The story of the GOP used to be, "How did they do so much with so little?" During the five Republican presidential wins from 1968-1984, the GOP never had better than 11% deficit in national party registration, never came marginally close to a House majority, and couldn't hold their slim Senate majority for long.
But the GOP had a near lock on the Whitehouse during this period -- and from that toe-hold were able to forge a policy consensus amoung their congressional delegation, cultivated strong new candidates, established well-funed policy think-tanks, adapted to governing (effectively) from the minority/veto, and generally chipped away at the Democratic lock in the congress.

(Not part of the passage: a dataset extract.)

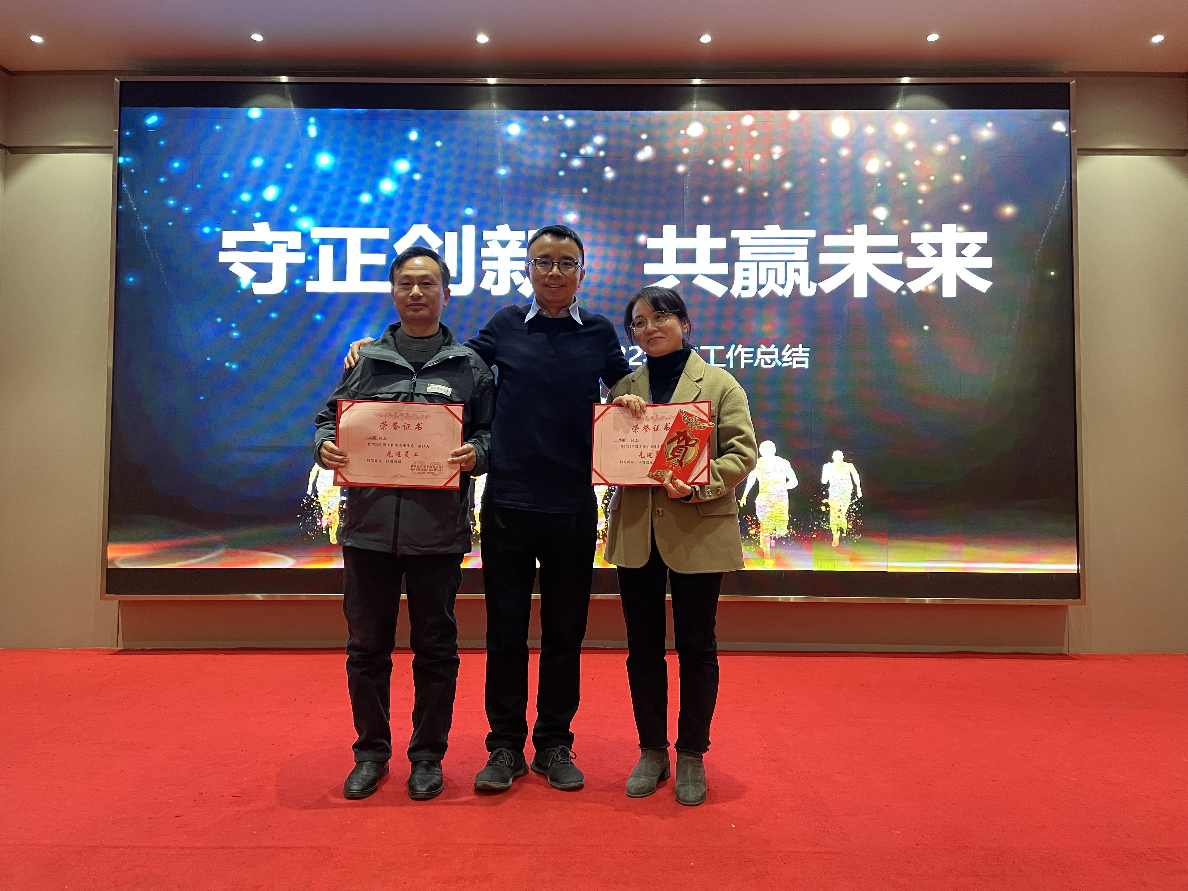 圖:鄭總進行總結(jié)匯報 每份佳績的取得均與每位員工的努力奮斗息息相關(guān)。會上,鄒經(jīng)理宣讀了對2022年度先進部門、先進員工和聯(lián)合水務(wù)年度優(yōu)秀宣傳工作人員表彰的決定,劉總、陳總、楊總和黃總為獲獎?wù)哳C獎。隨后,先進員工代表李麗發(fā)表了獲獎感言。

I think this is because the Republicans forced the public discourse to be waged on their ground: Taxes, defense, communism, socialism, morality, liberalism, crime, quotas, abortion, guns, fiscal responsibility -- on and on -- turning these issues one by one on the Democrats -- so confusing the electorate that we lost our ability to communicate effectively to the nation, and to our own constituents.
Ultimately, the GOP was able to rhetorically define us on every major issue, and we gradually lost our national consensus to govern.
Their ideas weren't better, but their strategy was far superior. The GOP has been masterful at combining various linguistic memes into powerful uber-notions. Such as:
- Defined tax-cuts as a moral issue in a vague defense of liberty.
- Convinced middle-class and working poor that tax cuts for the rich creates jobs and balanced budgets
- Won the support of northern labour-union males and southern democrats (Reagan-Democrats) despite waging economic war on their interests -- simply because he was 'tough' on communism/foreign policy.
- Equated the Democratic Party with foreign policy weakness. Incredible considering Vietnam, WWI, WWII were wars largely entered into despite broad-republican opposition.
And the GOP successfully:
- Defined liberalism as a form of moral weakness. Permissive, soft-on-crime, anti-competitive, etc.
- Defined quotas as legally un-just, despite the legacy of slavery and Jim Crow
- Defined free-trade as benefit to workers, despite hemorrhaging manufacturing jobs
- Defined universal health-care as an assault on liberty.
- And on it goes.
As usual, facts had little to do with their strategy. But the "fiscal responsibility" meme was the keystone for the GOP. The electorate indulged the GOP with a wide array of moral/social issues because, I argue, the GOP best defined themselves as the party to be "trusted with the people's money."
Now, suddnely, we're ripping back fiscal-responsibility high ground, and we're waging a linguistic battle to equate economic justice with fair tax-policies and trade policies. Many Conservative Democrats wrongly assume that foreign policy is the lynch-pin in the GOP rhetoric machine -- that they've been "McGoverning the shit out of us" since 1972. But since the recent Neo-conservative coup over GOP foreign policy, Bush foreign policy has quickly evolved into a complex moral issue rather than just simple, easy-to-communicate issue of 'keeping America safe' -- and thus the GOP has left themselves open for attack here. And better yet, this moral foriegn policy is being conducted in a vacuum of sound fiscal policy.
Without a strong, conservative fiscal policy, Bush is positioning himself as a moral crusader conduct both national and international social engineering (another meme for us to reclaim) -- who regards winning moral policy at the expense all else. If this campaign shapes up to be one where the GOP is left only with social issues, we can win, and perhaps more than just the White House. But we have to exploit this to the hilt.